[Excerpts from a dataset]
◆ ◆ ◆ ◆

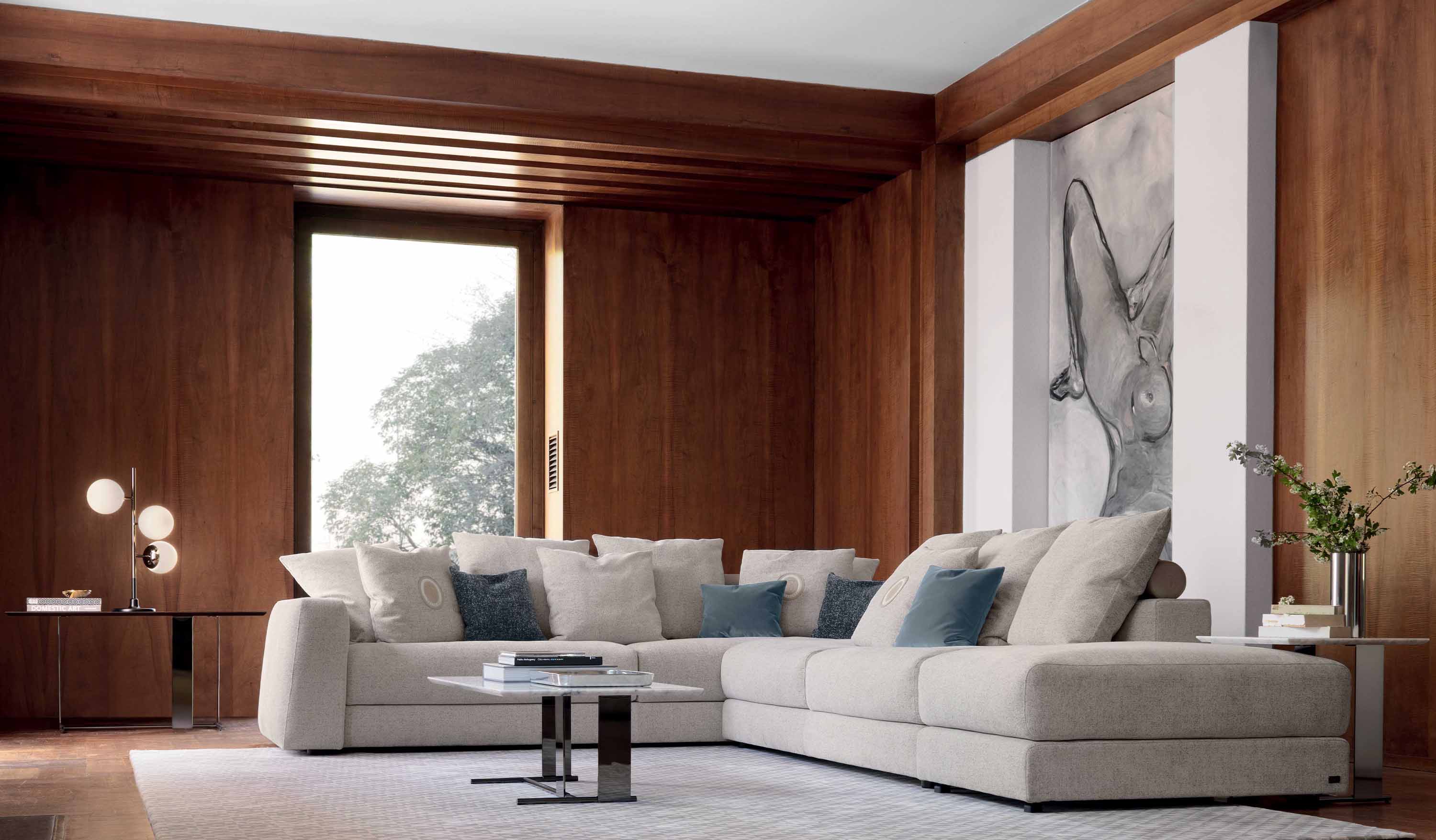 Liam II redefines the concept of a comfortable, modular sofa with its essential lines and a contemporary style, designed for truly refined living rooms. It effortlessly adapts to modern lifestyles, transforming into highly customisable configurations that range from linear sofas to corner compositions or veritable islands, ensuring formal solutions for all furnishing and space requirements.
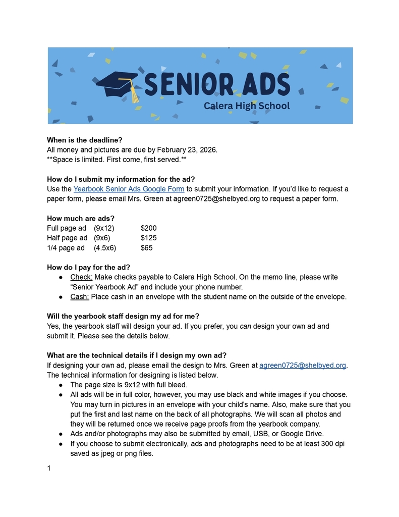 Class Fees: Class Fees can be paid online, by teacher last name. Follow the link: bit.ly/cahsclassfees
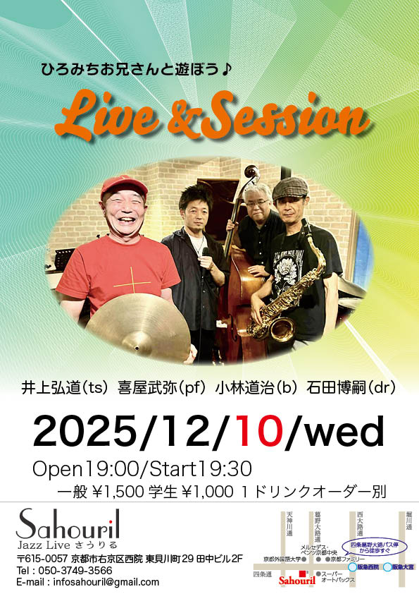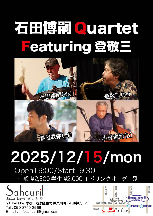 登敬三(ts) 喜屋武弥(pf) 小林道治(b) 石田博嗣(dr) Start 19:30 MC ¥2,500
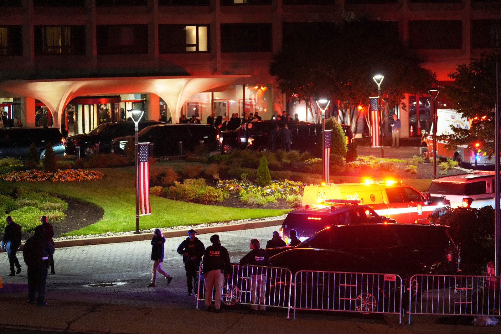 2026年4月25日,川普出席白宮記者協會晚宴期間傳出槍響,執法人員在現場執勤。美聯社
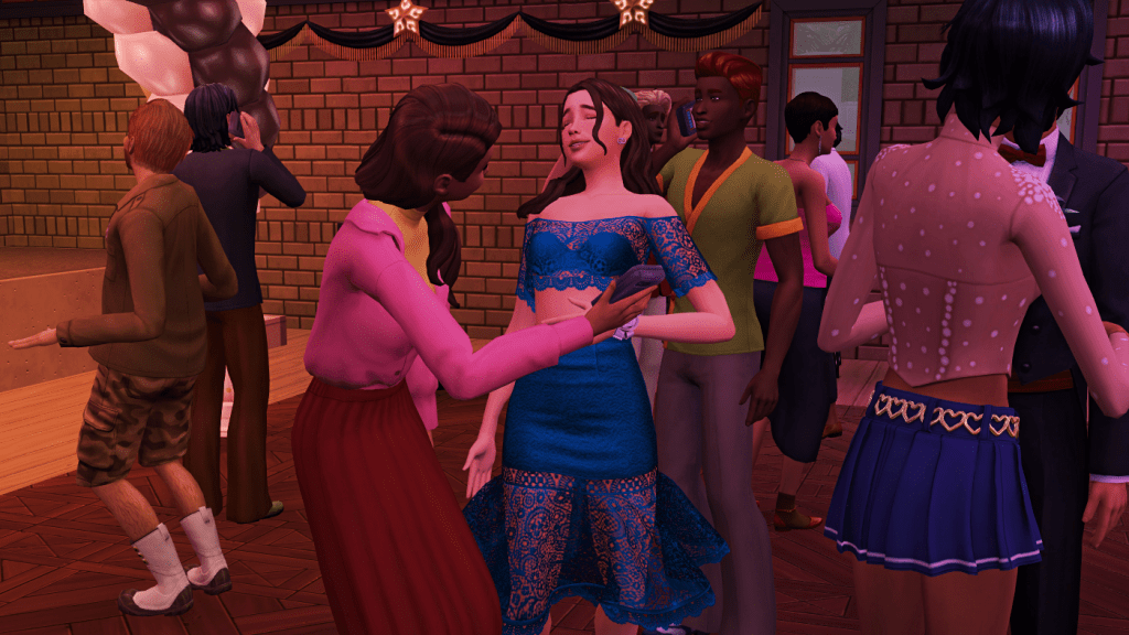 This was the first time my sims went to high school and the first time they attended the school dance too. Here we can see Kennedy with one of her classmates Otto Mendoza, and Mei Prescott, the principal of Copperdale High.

◆ ◆ ◆ ◆

PROBLEM TO SOLVE — Each line from the one holding "2026年4月25日,川普出" down to the end of the records is to be reproduced unaltered, and the pictures are to be omitted.

EXERCISE RESPONSE —
 2026年4月25日,川普出席白宮記者協會晚宴期間傳出槍響,執法人員在現場執勤。美聯社
 This was the first time my sims went to high school and the first time they attended the school dance too. Here we can see Kennedy with one of her classmates Otto Mendoza, and Mei Prescott, the principal of Copperdale High.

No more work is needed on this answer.